В 1860-е годы Лев Толстой еще не пришел к
радикальной критике традиционной обрядности. Фото 1860 года из книги Павла Бирюкова Leo Tolstoy: His Life and Work |
Почему Наташа Ростова молилась за Синод
Начиная творческий путь, Лев Толстой видел церковное начало неотъемлемой частью русского бытия. В «Семейном счастии», вышедшем в 1859 году, сказано о богослужении: «Все это было… велико и свято в моих глазах и казалось… полным глубокого значения».
Молебствие перед Бородинской битвой, его описание в эпопее «Войны и мира» одна из бесценных страниц отечественной словесности. «Из-под горы от Бородина поднималось церковное шествие… слышалось церковное пение… без шапок бежали навстречу идущим солдаты и ополченцы. Матушку несут! Заступницу!..» Смоленская богородичная икона, упоминаемая в эпопее, – действительно объект благоговейного поклонения.
При разных обстоятельствах обращаются к Богу герои романа. Дети просят, чтобы снег превратился в сахар, и выбегают во двор проверить силу своей молитвы. Трогательна молитва Платона Каратаева, представителя социальных низов: «Положи, Боже, камушком, подними калачиком». Сидящим у источника света костра, «укрывшись, как ризой, с головой шинелью», таким запоминается Каратаев. Он близок к Богу, так принято считать у толкователей толстовского творчества.
Молится и дворянка Наташа Ростова горячо, вдохновенно. Но противоречивые чувства несет читателю ее молитва в храме. Обряд пленяет Наташу, обволакивает ум, лишая способности рассуждать. И ее «уносит»: «Когда молились за царскую фамилию и за Синод, она особенно низко кланялась и крестилась, говоря себе, что, ежели она не понимает, она не может сомневаться и все-таки любит Правительствующий синод и молится за него». «Понимать всего нельзя, надо только верить…» оправдывает себя Наташа.
Не понимать, но в обрядах участвовать – такова специфика православного «благочестия». И как тут не впасть в суеверие? Пример – крестины сына Андрея Болконского. В купель бросили «вощечок с волосками». Узнав, что «вощечок» «не потонул, а поплыл по купели», князь Андрей (образованный ведь человек!) «одобрительно кивнул головой».

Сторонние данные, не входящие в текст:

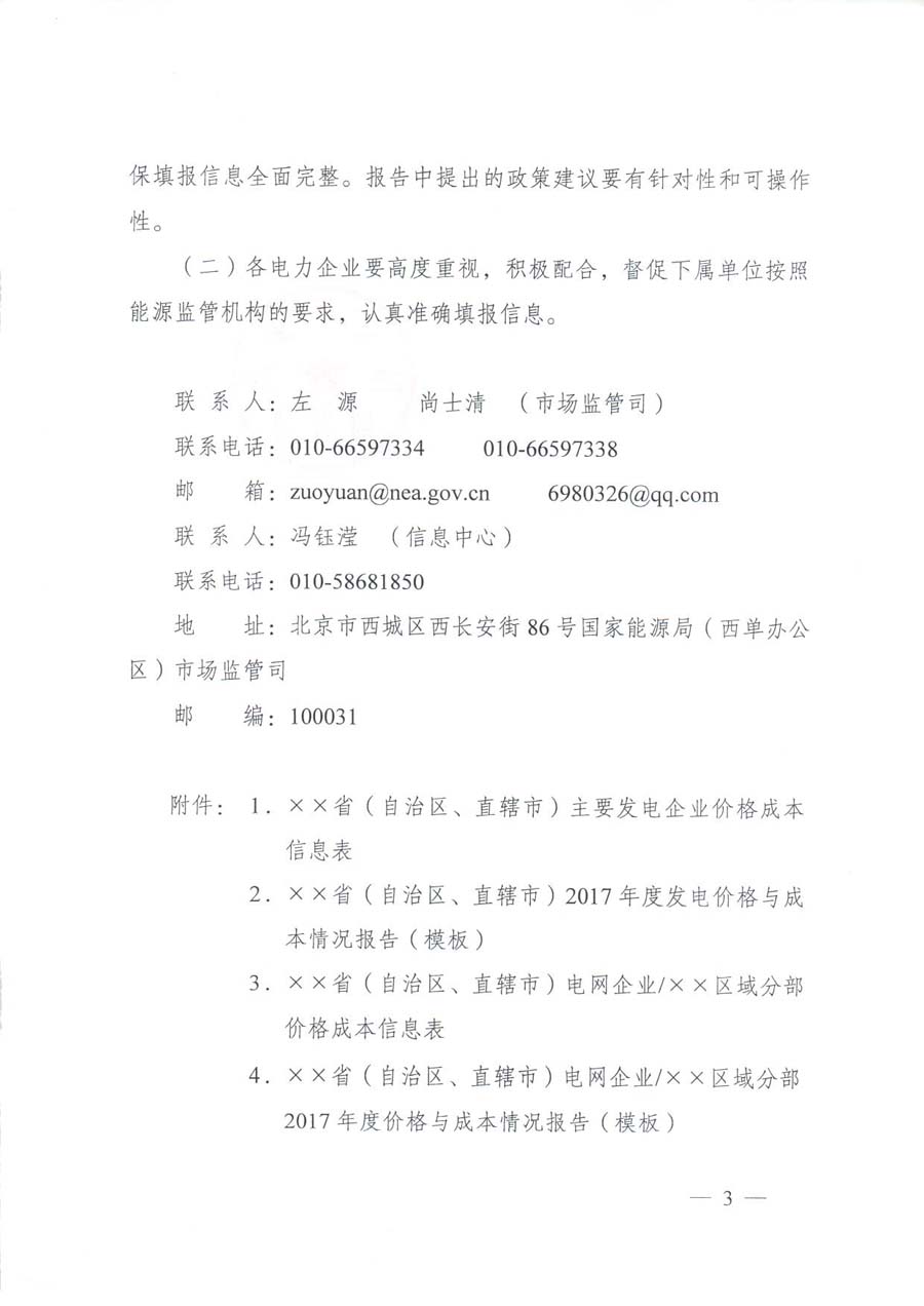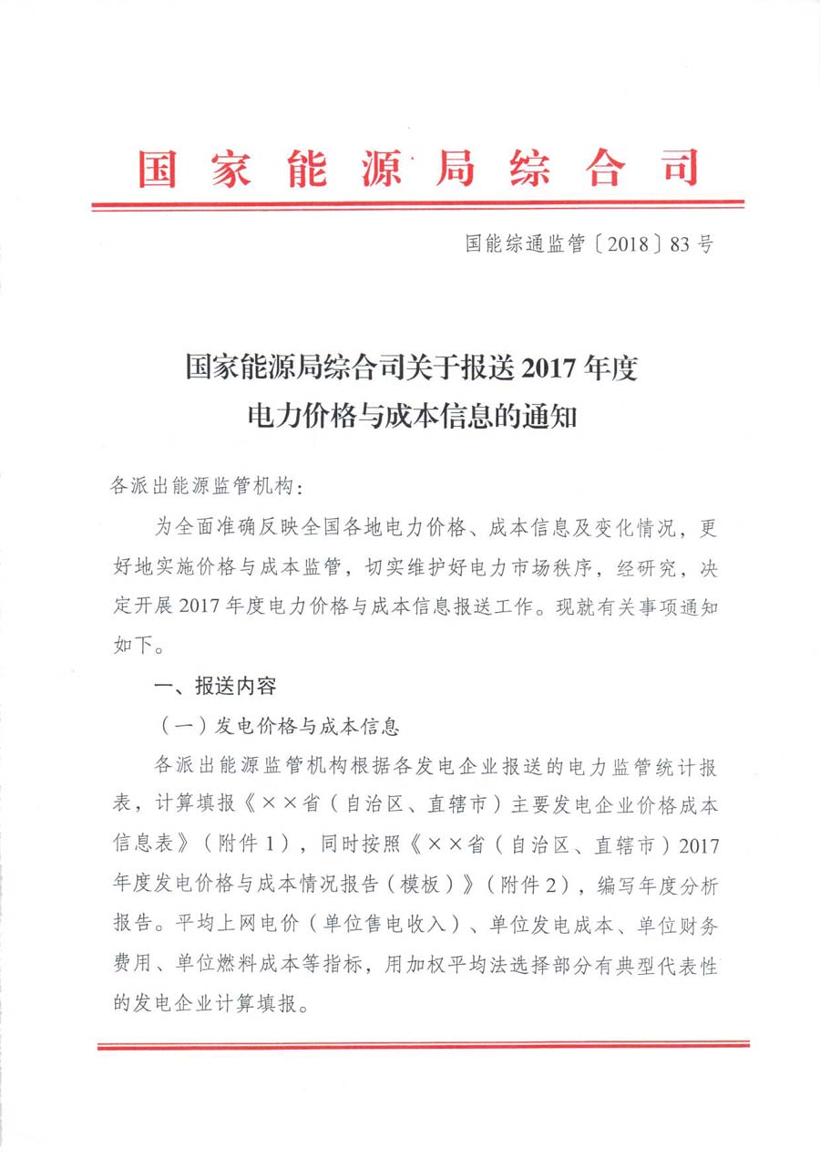 國(guó)家能源局日前發(fā)布了《關(guān)于報(bào)送2017年度電力價(jià)格與成本信息的通知》。通知中稱,為全面準(zhǔn)確反映全國(guó)各地電力價(jià)格、成本信息及變化情況,更

Дух уступал – побеждала форма: едва ли не вечная для христиан проблема. В день Бородинской битвы в салоне Анны Шерер прочли патриотическое письмо «преосвященного». Толстой поясняет: «Искусство чтения считалось в том, чтобы… переливать слова… независимо от их значения… » И что же: был ли уяснен смысл письма? Незавидная роль досталась архиерею и далее. Губернаторша устроила у него свидание княжны Марьи и Николая Ростова.
Духовные искания дворян, идущие не от сердца, бывало, приводили к отступничеству. Так, Элен Курагина приняла католичество. И «почувствовала что-то вроде дуновения свежего ветра, которое сошло ей в душу».
Не пережив еще в 1860-е годы свой духовный перелом, Толстой передал восторги, обращенные к обрядам. «Таинство… великое», восхищается соборованием герой «Войны и мира». Для возражений пока не настало время, но сомнения у Толстого уже были. Убеждает поступок Николая Ростова, принявшего меры против пьянства «по случаю престольного праздника». Исподволь от сомнений в церковной обрядности писатель перешел к ее отрицанию. Но это случилось потом.
Тонкий психолог, автор «Войны и мира» поскупился на образы духовных лиц. Кадр из фильма «Война и мир». 1956 |
Роман был бы неполон, откажись автор от изображений служителей алтаря. Первые впечатления от них он получил еще в детстве, например об одном уникальном «батюшке», который на Страстной неделе вычитывал за службами все Евангелие, отчего службы «продолжались особенно долго», вспоминал позже писатель.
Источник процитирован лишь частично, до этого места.